__WORK TO BE COMPLETED__
Give the lines below again, exactly as they stand, and leave out the images.

__INFORMATION PROVIDED__

======

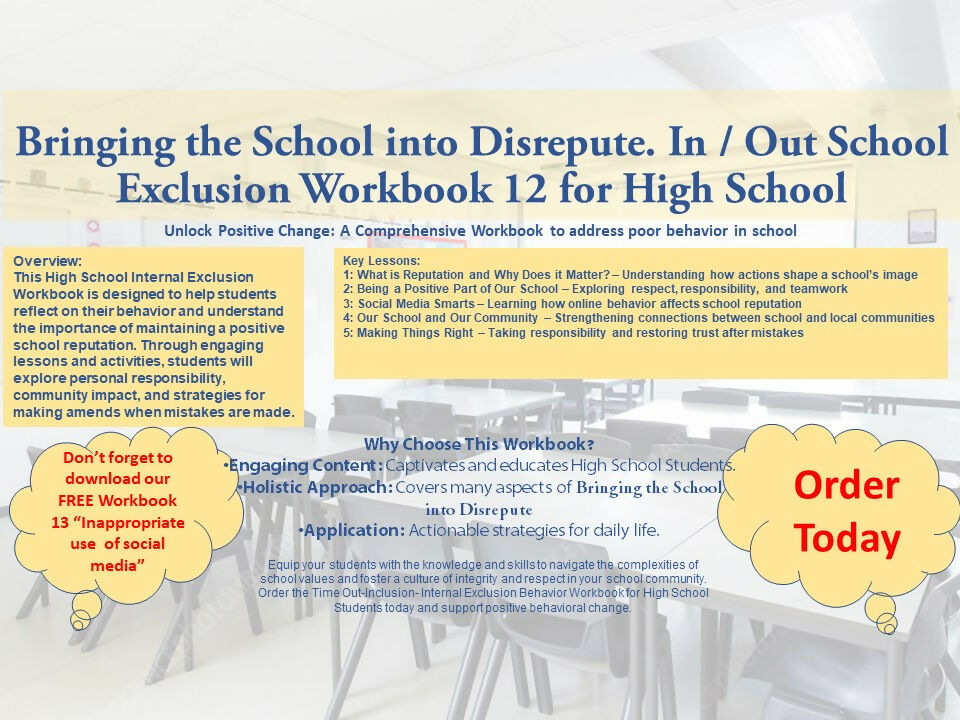 This High School Internal Exclusion Workbook is designed to help students reflect on their behavior and understand the importance of maintaining a positive school reputation. Through engaging lessons and activities, students will explore personal responsibility, community impact, and strategies for making amends when mistakes are made.
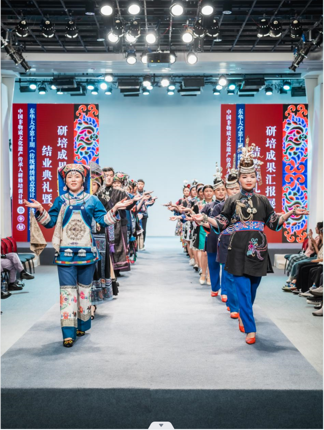 秀演以团结紧张、严肃活泼的明快节奏回顾了贵州学员们在沪一个月丰富多彩的学习生活,接着便开始了22套结对时装的生动秀演。非遗传承是一项既需要热情也需要恒心,既需要守正也需要创新的事业。东华研培一直坚持年轻学子与非遗传承人“携手研培”的模式,每期研培,每位学员研培期间都需要完成一件和高校设计专业大学生共同设计的时装,通过结对实现传统与现代的对话。学子学员结对创新设计作品正是东华积极探索的结果。
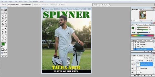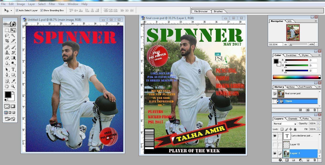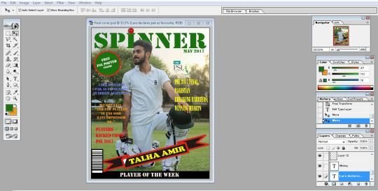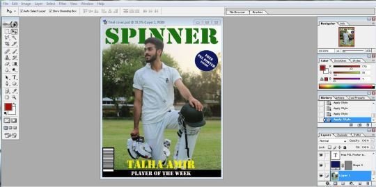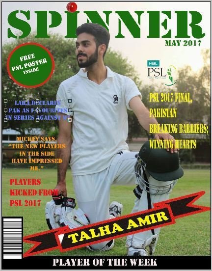 I made a puff more prominent by placing a different color out line around it. I also change the strip and gave it a more attractive look by using predefined shapes in adobe Photoshop. I also placed a cricket ball image an top of the mast head to make it look related to the sport of cricket. I added a couple of more images next to the tag lines. Now my cover page looked almost final.

======

__EXERCISE SOLUTION__
 This High School Internal Exclusion Workbook is designed to help students reflect on their behavior and understand the importance of maintaining a positive school reputation. Through engaging lessons and activities, students will explore personal responsibility, community impact, and strategies for making amends when mistakes are made.
 秀演以团结紧张、严肃活泼的明快节奏回顾了贵州学员们在沪一个月丰富多彩的学习生活,接着便开始了22套结对时装的生动秀演。非遗传承是一项既需要热情也需要恒心,既需要守正也需要创新的事业。东华研培一直坚持年轻学子与非遗传承人“携手研培”的模式,每期研培,每位学员研培期间都需要完成一件和高校设计专业大学生共同设计的时装,通过结对实现传统与现代的对话。学子学员结对创新设计作品正是东华积极探索的结果。
 I made a puff more prominent by placing a different color out line around it. I also change the strip and gave it a more attractive look by using predefined shapes in adobe Photoshop. I also placed a cricket ball image an top of the mast head to make it look related to the sport of cricket. I added a couple of more images next to the tag lines. Now my cover page looked almost final.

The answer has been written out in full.